━━━━━ Available records

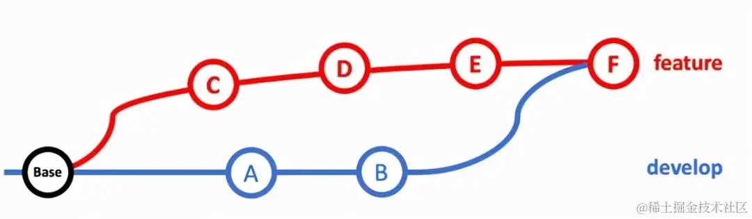merge合并将在您的特征分支中将更改集成,并创建一个新的提交F。F是合并开发分支的提交,如果有冲突的话,对冲突进行修改。此方法将为特征分支带来Develp分支的更改,即A和B。现在,您的特征分支上的提交是C,A,D,B,E,F。有3个添加到您的功能分支中的其他提交。
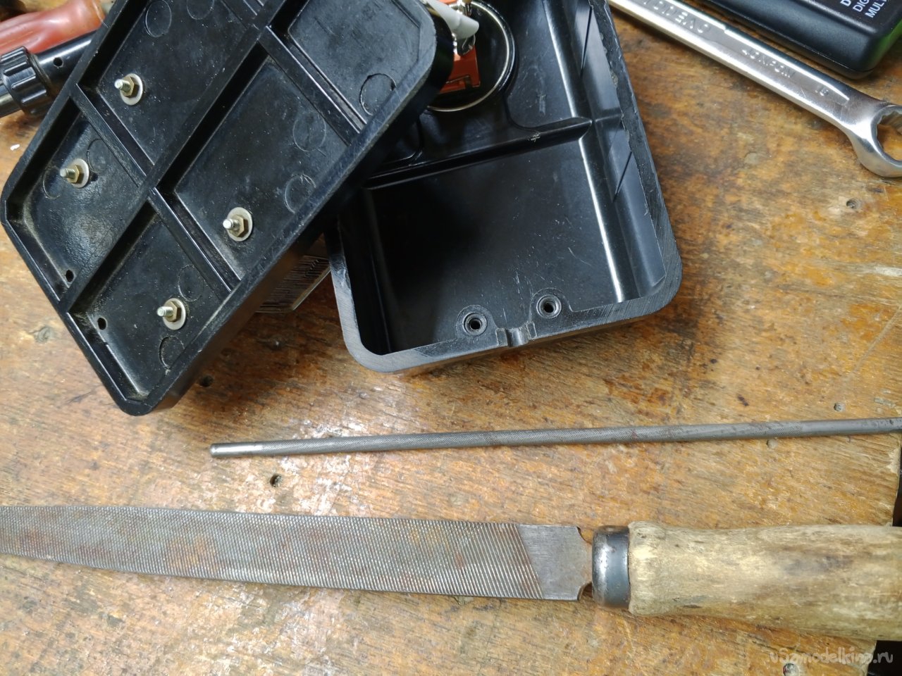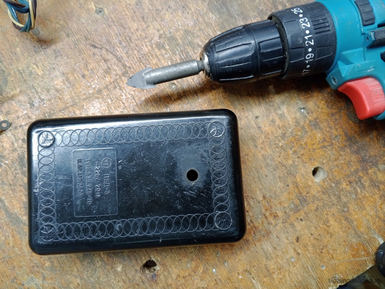 Чтобы не расколоть хрупкий карболитовый корпус, очень аккуратно, долго, с двух сторон, без нажима, рассверлил посадочное под тумблер отверстие.
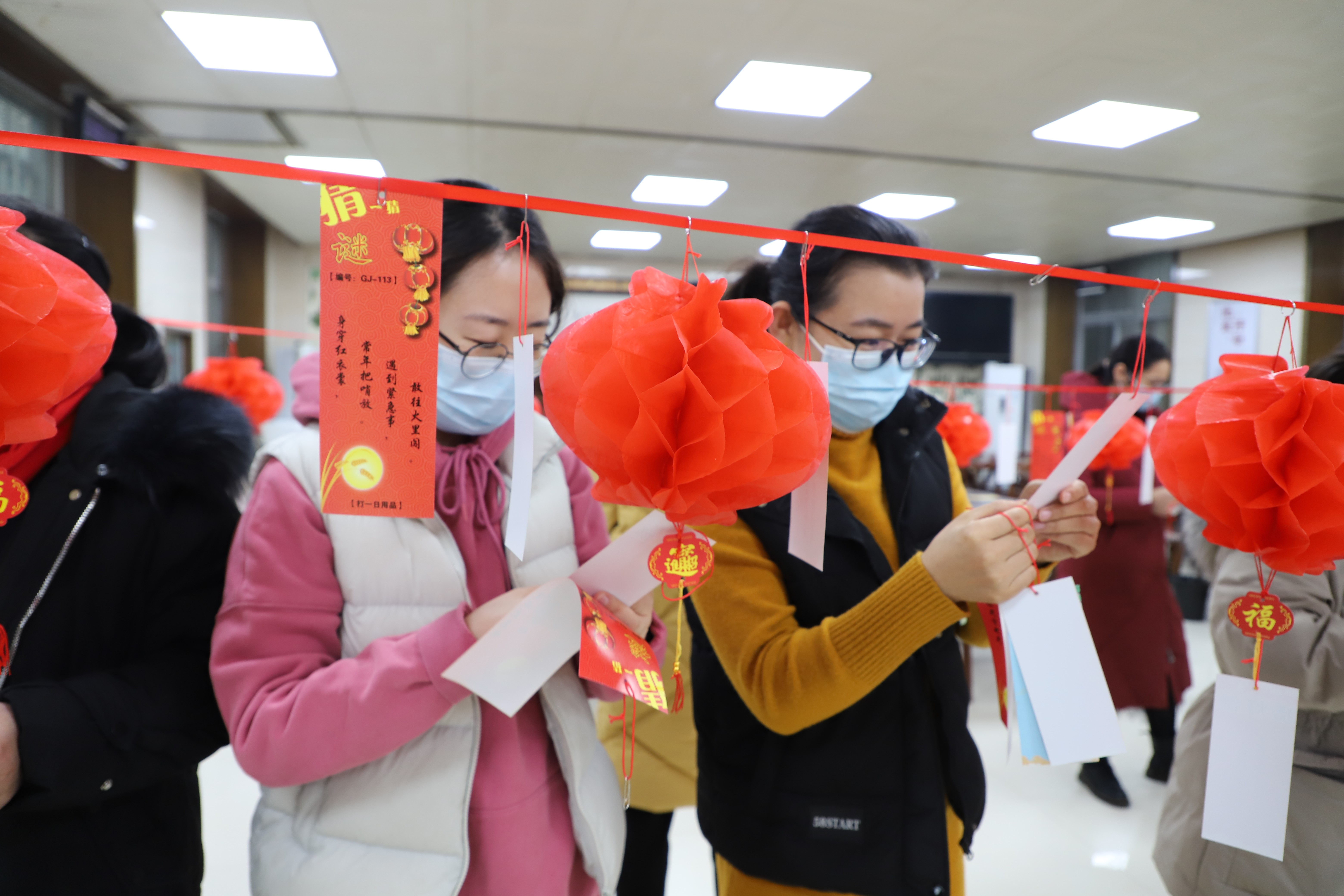 食堂內(nèi)部,工作人員在充分做好防疫工作的基礎(chǔ)上,提前將二百余條顏色不一的謎語條高高掛起。謎語有猜成語的,有猜動物花鳥的,有猜歇后語的,有猜日常用品的,生動而活潑、面廣而量大。在益智填趣、娛樂生活的同時,更以這種傳統(tǒng)高雅的文藝形式展示了一方水土歷史、人文、民俗之特色與魅力,集趣味性、知識性于一體,讓大家樂中有學(xué),共同領(lǐng)略祖國語言的無窮奧妙。活動現(xiàn)場,還為大家精心準(zhǔn)備了春節(jié)相關(guān)的禮品,極大激起了參與職工的興趣。
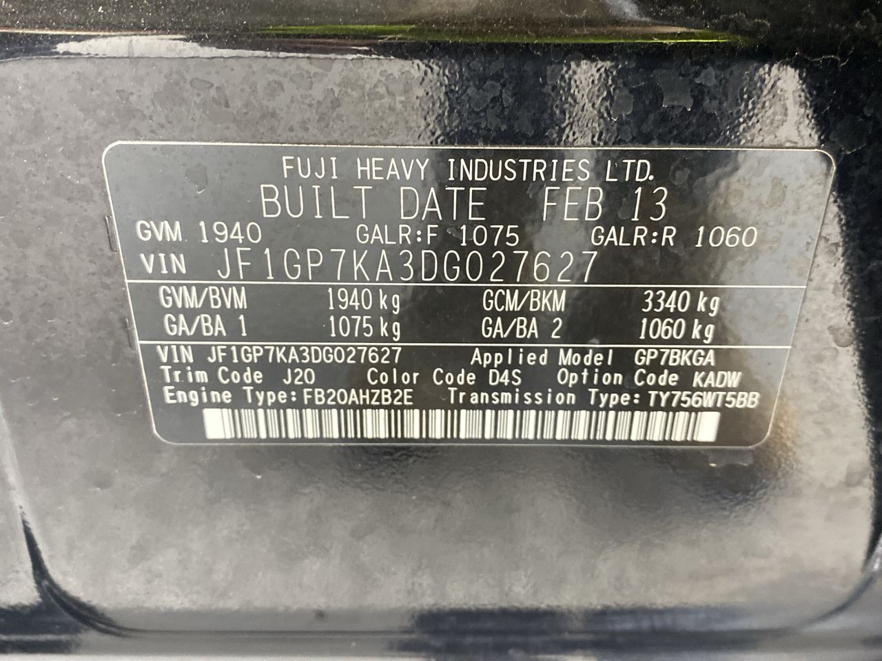 (SN:JF1GP7KA3DG027627) (875219-684)
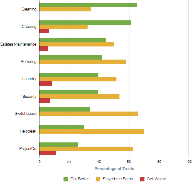 d The majority of Trusts report consistent or improved performance over the course of the contract. The majority of Trusts said service delivery had either stayed the same or improved. For cleaning and catering services the majority of Trusts have seen an improvement (Figure 8 on page 20).
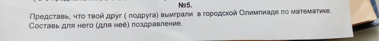 Дорогой( ая) (имя) я поздравляю от всей души тебя. Ты вновь выйграл(ала) олимпиаду по математике. Ты самый (самая) умный (умная) ученик (ученица) в классе да и вообще во всей школе
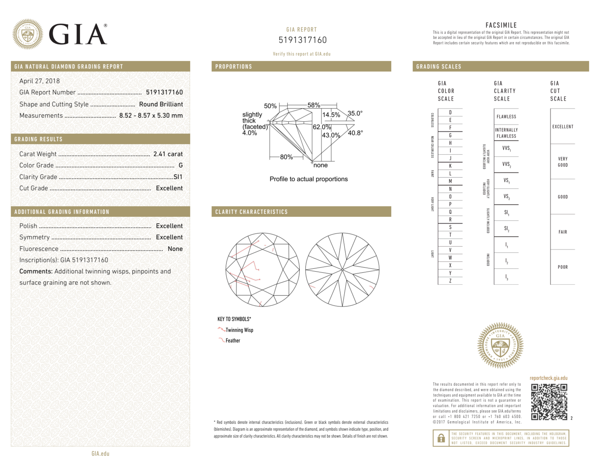 Your 2.41 carat Round natural diamond is graded SI1 clarity, which stands for Slightly Included 1. Read more about SI1 clarity diamonds here, or learn more about diamond clarity in general here.
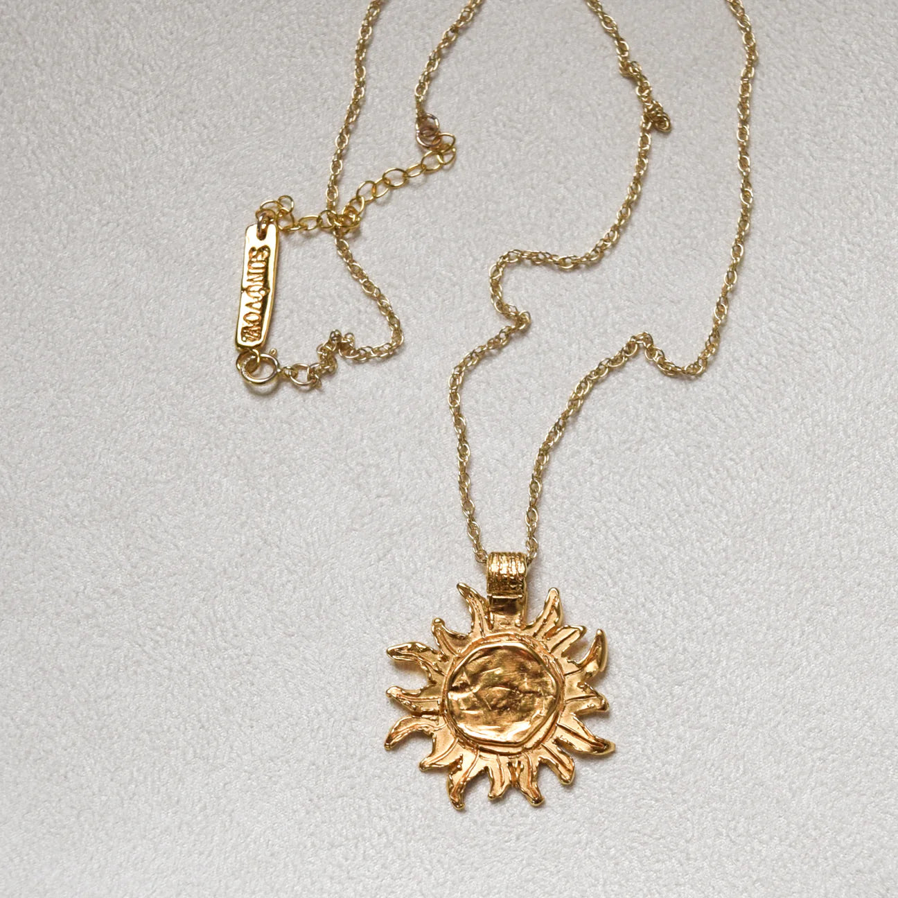 -Bespoke hand-sculpted sun medallion in vermeil and finished in 3-micron thick 14kt gold
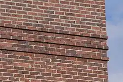 The central bay of the south facade of the Hartington City Hall and Auditorium is highly effective Prairie School architecture (the nearly hidden north facade is similar). The bulk of the wall surface is simple running bond brickwork, forming a uniform ground for the interplay of horizontal and vertical lines. The stone coping at the roofline forms the highest horizontal line. Not far below is a horizontal band of triple corbelling that surrounds the building. This effect is created by projecting three courses of brick out farther than the wall below (as in a corbel), repeating it with three more courses of brick, and then repeating it again for the entire rest of the wall up to the copestone. Steele adds depth and interest to this band by varying the projection of each of the three brick courses by facade so that corners highlight one or another course (see photo below). This effective horizontal band is similar to but more sophisticated than what Steele used near the top of his noted First Congregational Church (Sioux City, 1916–1918). Additional horizontal lines derive from the original three bands of windows (particularly prior to more recent window alterations). These consistent horizontal lines are dramatically emphasized by the strong counterpoint of the six vertical piers. Yet even these vertical pilasters have horizontal elements in their capitals, consisting of three horizontal bands of projecting brick string courses (which echo the triple corbelling above) and the contrasting capitals of cast stone on top. Across the set of six vertical piers or pilasters along the auditorium, these elements create additional horizontal lines.[12][23][27][30]
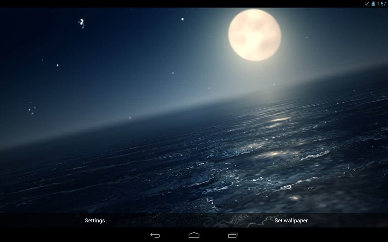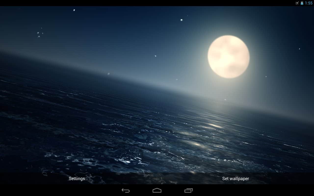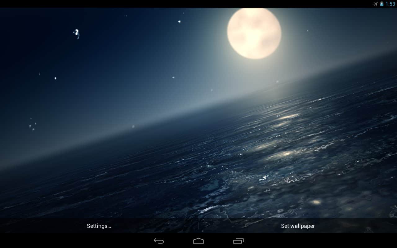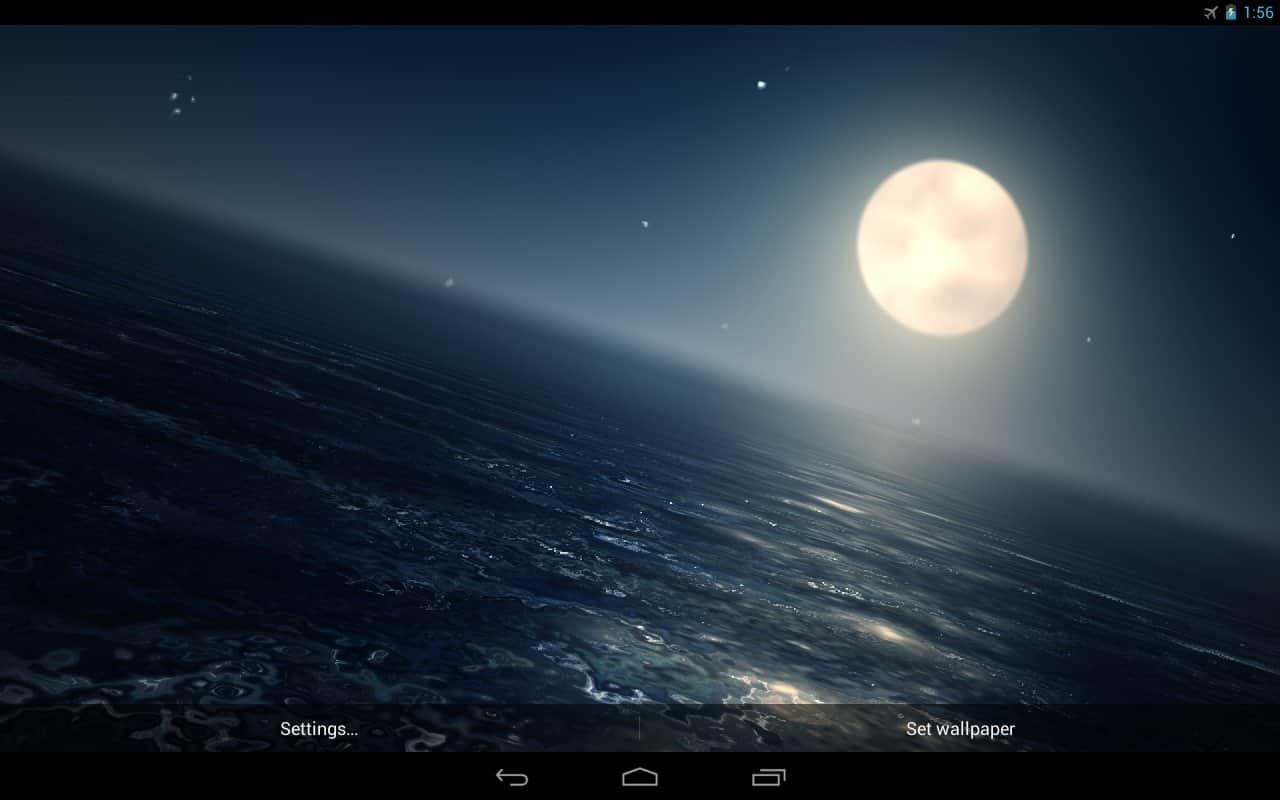 Ocean At Night Live Wallpaper – живые обои это один из способов создать свою индивидуальность в стандартной операционной системе Android. Каждый для себя сам решает какие живые обои устанавливать. Предлагаю вам ознакомится с обворожительными обоями в которых можно лицезреть ночной океан и белоснежный свет луны, освещающий воду. Живые обои реагирует на положение вашего девайса и при смены положения картинка так-же изменяется.

━━━━━━━━━━

Please copy the lines above exactly, starting at the line that holds "Дорогой( ая) (имя)" and ending at the line that holds "-Bespoke hand-sculpted sun"; include both, but no pictures.

▸ Response:
 Дорогой( ая) (имя) я поздравляю от всей души тебя. Ты вновь выйграл(ала) олимпиаду по математике. Ты самый (самая) умный (умная) ученик (ученица) в классе да и вообще во всей школе
 Your 2.41 carat Round natural diamond is graded SI1 clarity, which stands for Slightly Included 1. Read more about SI1 clarity diamonds here, or learn more about diamond clarity in general here.
 -Bespoke hand-sculpted sun medallion in vermeil and finished in 3-micron thick 14kt gold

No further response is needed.